> _Provided data_
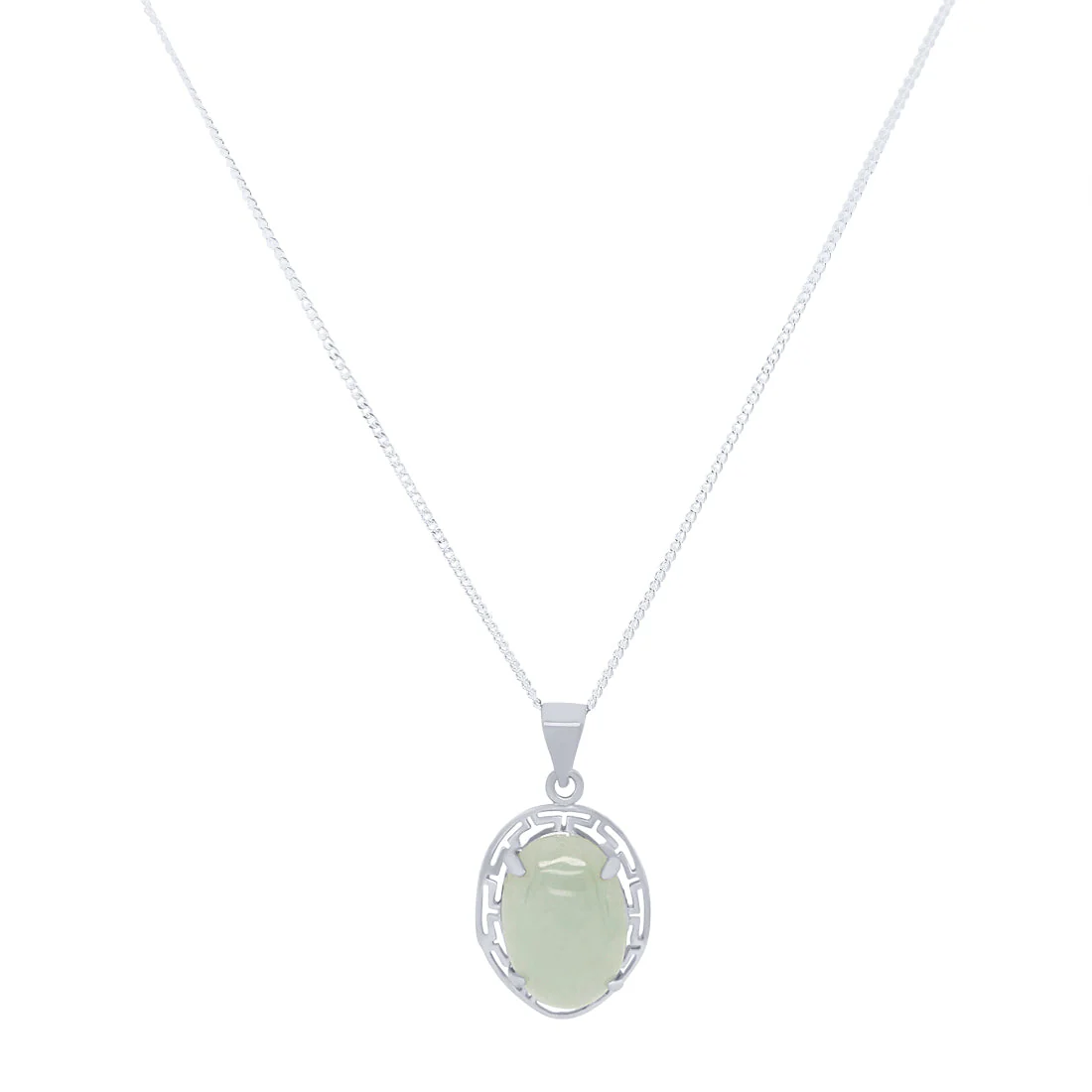 This fabulous Jade Oval Necklace in Sterling Silver features an oval look design with a fancy draping halo, set in stunning sterling silver.
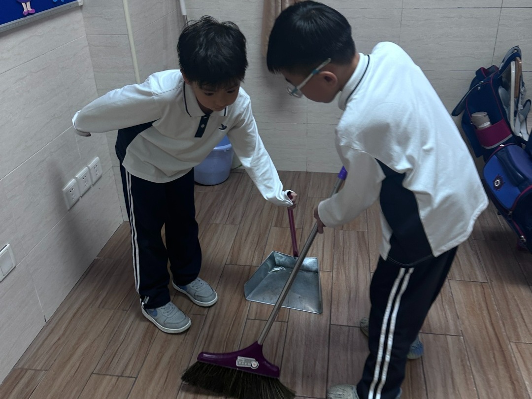 教室整洁靠大家,看,大家正在认真地打扫呢。拿着扫把、抹布有模有样,个个都是劳动小能手!
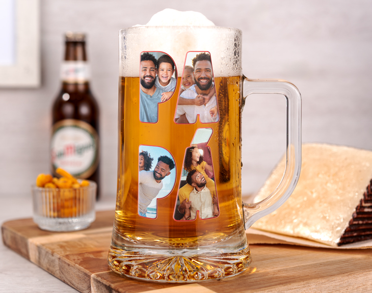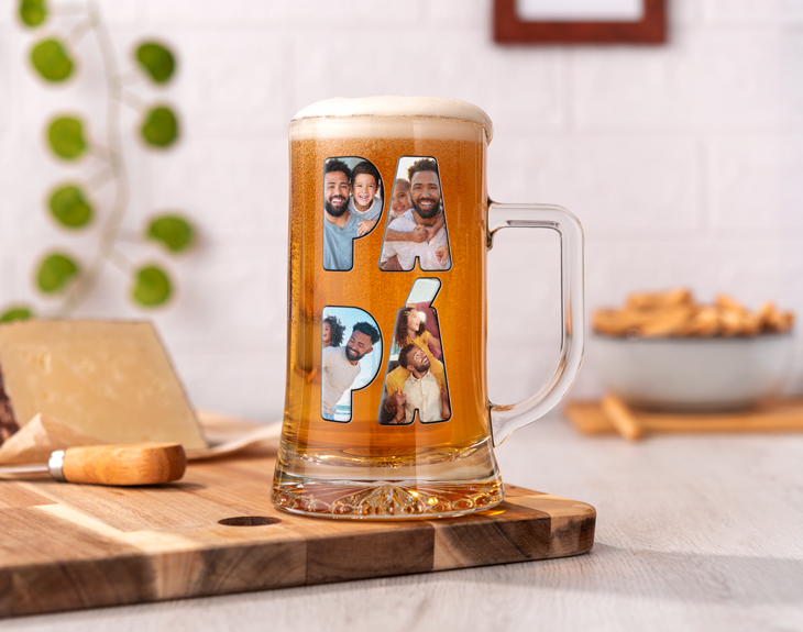 Porque Papá es ese héroe de la casa que siempre está ahí para nosotros: en las risas, en los juegos divertidos aunque ya seamos mayores, en los consejos y también en esos momentos especiales donde un abrazo fuerte sabe calmar y, sin duda, proteger. Esta jarra de cerveza personalizada, que captura todos esos momentos y bonitos recuerdos, es justo lo que necesita para sentirse aún más querido y especial por nosotros. Es, sin duda, el regalo para el Día del Padre perfecto, porque así, cada brindis será un homenaje a su esfuerzo, su paciencia y ese amor incondicional que siempre está ahí. Lo sorprenderás con esta jarra de cerveza con fotos, en la que podrás elegir las imágenes favoritas que mejor representen su historia y crear un collage que forme la palabra "PAPÁ" en la jarra. ¡La amará! Personalizarla es súper sencillo: solo tienes que añadirla al carrito y, en el área de diseño, subir las fotos que quieras para completar la palabra PAPÁ, que terminará llena de recuerdos y momentos inolvidables juntos. Importante: esta copa no se puede meter en el lavavajillas. Diámetro interior: 7cm Medidas aproximadas: 8,5 x 15,5 cm

> _Task prompt_
Exactly reproduce the lines that run from the first line of the listing above to the line containing "教室整洁靠大家,看,大家正在", including both; omit the pictures.

> _Answer box_
 This fabulous Jade Oval Necklace in Sterling Silver features an oval look design with a fancy draping halo, set in stunning sterling silver.
 教室整洁靠大家,看,大家正在认真地打扫呢。拿着扫把、抹布有模有样,个个都是劳动小能手!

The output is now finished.